··· SOURCE MATERIAL
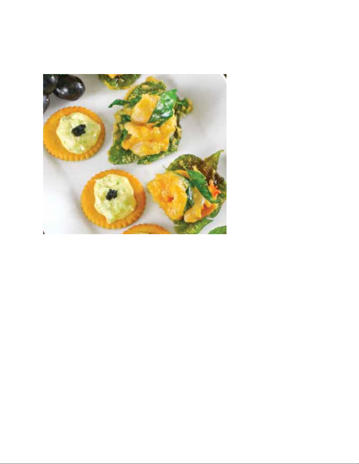 Cho tôm xốt chanh lên đĩa, đặt bánh quy lên, cho một phần lòng trắng trộn xốt mayonnaise lên, ăn kèm
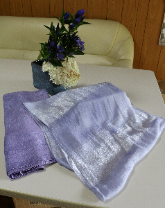 リンドウで染めたシルクのストール。染物以外に、ハーバリウムなども制作している
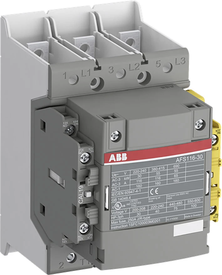 De AFS116-30-12B-12 is een 3-polige contactor voor 690 V IEC of 600 V UL, met vooraf gemonteerde zijkant-hulpcontactblokken: links 1 (1 NO + 1 NC) en rechts vast 1 (1 NC), met hoofstroom-railaansluitingen. Hij stuurt motoren tot 55 kW / 400 V AC (AC-3) of 75 hp / 480 V UL en schakelt vermogenskringen tot 160 A (AC-1) of 160 A UL general use. AFS-contactoren zijn eenvoudig te integreren in systemen van machinebouwers conform de hoofdnormen EN ISO 13849 en EN 62061 – wat het veilige gebruik van machines en apparatuur ondersteunt. Een goed herkenbaar geel low-energy hulpcontactblok zorgt voor de status-terugkoppelingscircuits die vereist zijn in machineveiligheidstoepassingen. Dankzij AF‑technologie heeft de contactor een brede stuurspanningsrange (48–130 V 50/60 Hz en DC), waardoor grote variaties in stuurspanning worden opgevangen, het energieverbruik in de besturingskast afneemt en eenduidige werking bij instabiele netten wordt geborgd. Bovendien is overspanningsbeveiliging ingebouwd voor een compacte oplossing. AF-contactoren hebben een bloktype-ontwerp, zijn eenvoudig uit te breiden met opsteekbare hulpcontactblokken en een brede reeks accessoires. |
······
:: WORK TASK ::
Since the pictures are not wanted, give the material again exactly without them.

:: EXERCISE RESPONSE ::
 Cho tôm xốt chanh lên đĩa, đặt bánh quy lên, cho một phần lòng trắng trộn xốt mayonnaise lên, ăn kèm
 リンドウで染めたシルクのストール。染物以外に、ハーバリウムなども制作している
 De AFS116-30-12B-12 is een 3-polige contactor voor 690 V IEC of 600 V UL, met vooraf gemonteerde zijkant-hulpcontactblokken: links 1 (1 NO + 1 NC) en rechts vast 1 (1 NC), met hoofstroom-railaansluitingen. Hij stuurt motoren tot 55 kW / 400 V AC (AC-3) of 75 hp / 480 V UL en schakelt vermogenskringen tot 160 A (AC-1) of 160 A UL general use. AFS-contactoren zijn eenvoudig te integreren in systemen van machinebouwers conform de hoofdnormen EN ISO 13849 en EN 62061 – wat het veilige gebruik van machines en apparatuur ondersteunt. Een goed herkenbaar geel low-energy hulpcontactblok zorgt voor de status-terugkoppelingscircuits die vereist zijn in machineveiligheidstoepassingen. Dankzij AF‑technologie heeft de contactor een brede stuurspanningsrange (48–130 V 50/60 Hz en DC), waardoor grote variaties in stuurspanning worden opgevangen, het energieverbruik in de besturingskast afneemt en eenduidige werking bij instabiele netten wordt geborgd. Bovendien is overspanningsbeveiliging ingebouwd voor een compacte oplossing. AF-contactoren hebben een bloktype-ontwerp, zijn eenvoudig uit te breiden met opsteekbare hulpcontactblokken en een brede reeks accessoires. |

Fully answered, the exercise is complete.